Kepala Unit Investigasi Kriminal dari Komisaris Polisi Banyuwangi Agus Sobarna Praja mengatakan bahwa partainya sekarang telah mengajukan kasus pelaporan dugaan pelecehan seksual dan hubungan anak di bawah umur ke tingkat penyelidikan.

"Memang, sejak minggu lalu kami menerima laporan tentang hubungan anak di bawah umur dan pelecehan seksual. Kami telah meningkat menjadi penyelidikan," katanya kepada Detikjatim.

Polisi berencana untuk menelepon FZ Senin depan. Panggilan ini pada saat yang sama merupakan pemeriksaan terkait dengan laporan tentang tindakan pelecehan seksual dan pemerkosaan. "Senin depan kami memeriksa. Mengenai laporan para korban," pungkasnya.

Gadis tunarungu 14 -tahun diperkirakan menjadi korban hubungan seksual. Kasus ini saat ini sedang ditangani oleh Unit Perlindungan Wanita dan Anak (PPA) Satreskrim Polrestabes Surabaya.

"Benar, itu telah ditangani oleh unit PPA dan Kanit telah berkomunikasi dengan keluarga," kata Kasat Reskrim Surabaya Police AKBP Mirzal Maulana ke Detikjatim, Kamis (6/23/2022).

Mirzal menambahkan bahwa partainya saat ini sedang mengeksplorasi kasus ini. Selain itu, partainya akan memberikan bantuan dan pendekatan khusus untuk para korban yang saat ini mengalami trauma.

"Ini akan membuat pendalaman intensif. Karena orang yang bersangkutan (korban) adalah kecacatan. Perlu menyesuaikan dan mencocokkan informasi yang diberikan. Ini akan melibatkan BAPA, akan melibatkan psikiater, psikolog untuk melihat trauma bagi para korban," kata Mirzal .

Sementara itu, perlindungan perempuan dan anak -anak (PPA) dari Polisi Polisi Polisi Investigasi Polisi AKP Wardi mengatakan bahwa jika dia sedang memeriksa saksi dan mengumpulkan bukti.

"Kami baru saja memeriksa saksi, mengumpulkan bukti, Ver.

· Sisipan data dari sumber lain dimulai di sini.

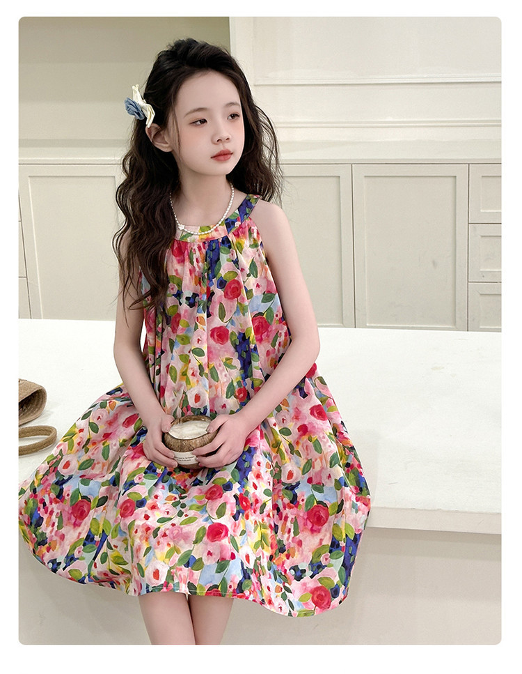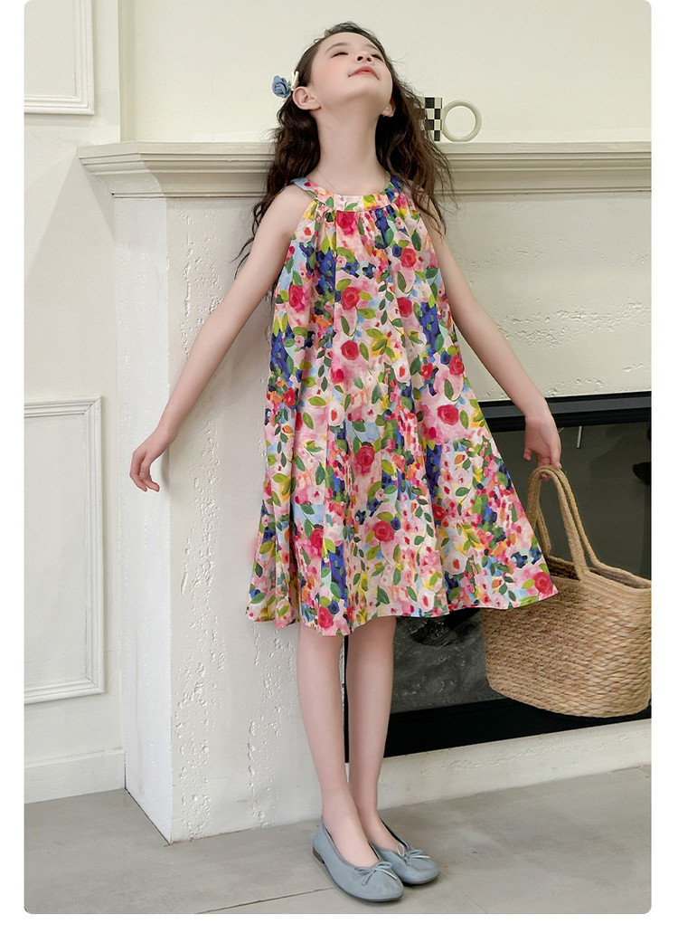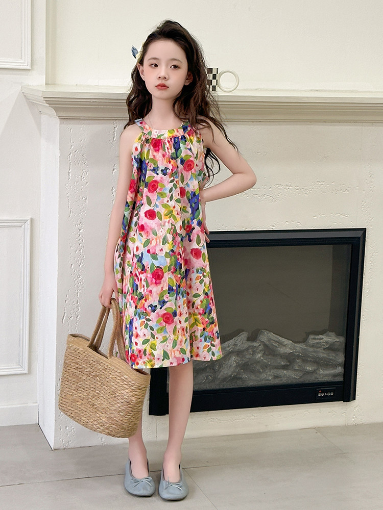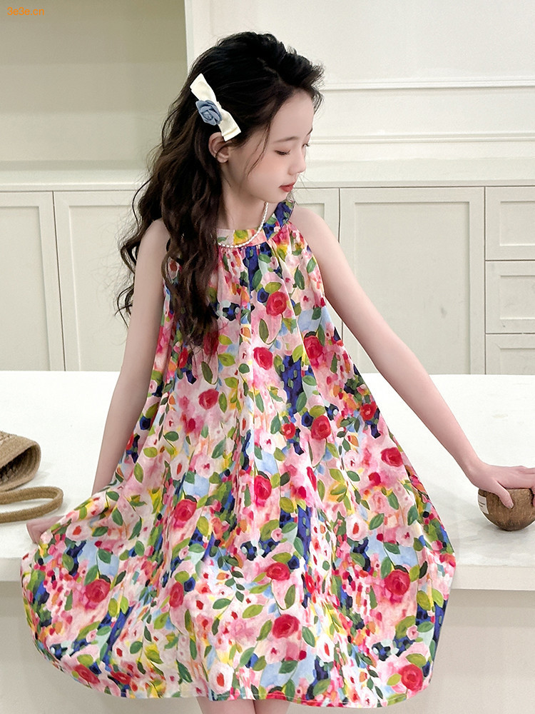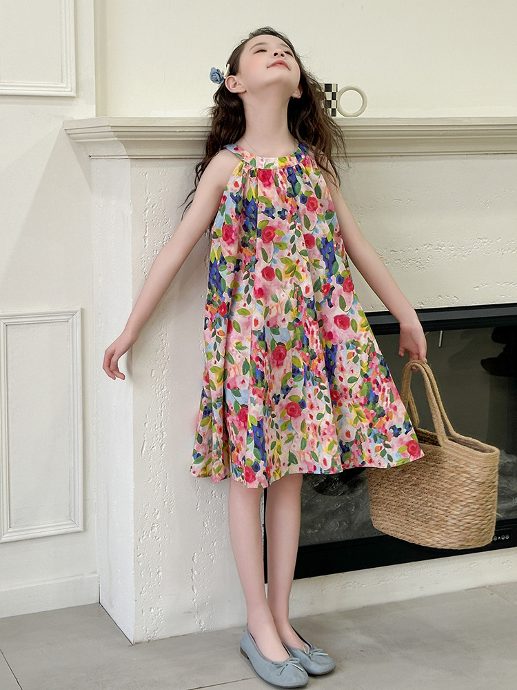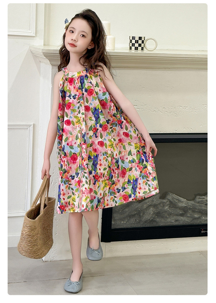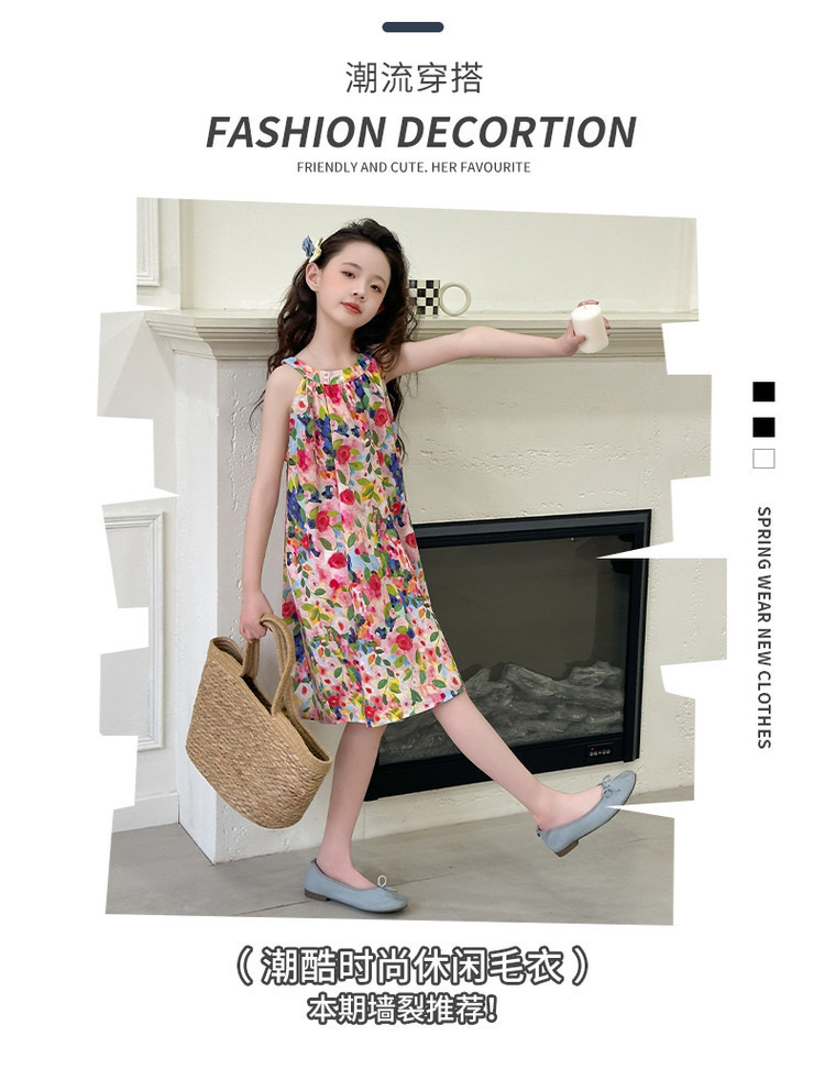 조끼 치마 여자 목 새 시즌 2025 여자 꽃 원피스 여름 외국 스타일 큰 소녀 공주 치마 한국스토어 가기

Ini adalah proses yang cepat," kata Wardi.

Selain itu, Wardi mengatakan bahwa hari ini partainya juga mempertanyakan keluarga korban dan memberikan konseling di unit PPA.

"Saat ini konseling, dan ditanyai. Memang tahapan konseling, mempertanyakan informasi memang merupakan tahapan kasus -kasus tidak bermoral di sini," kata Wardi.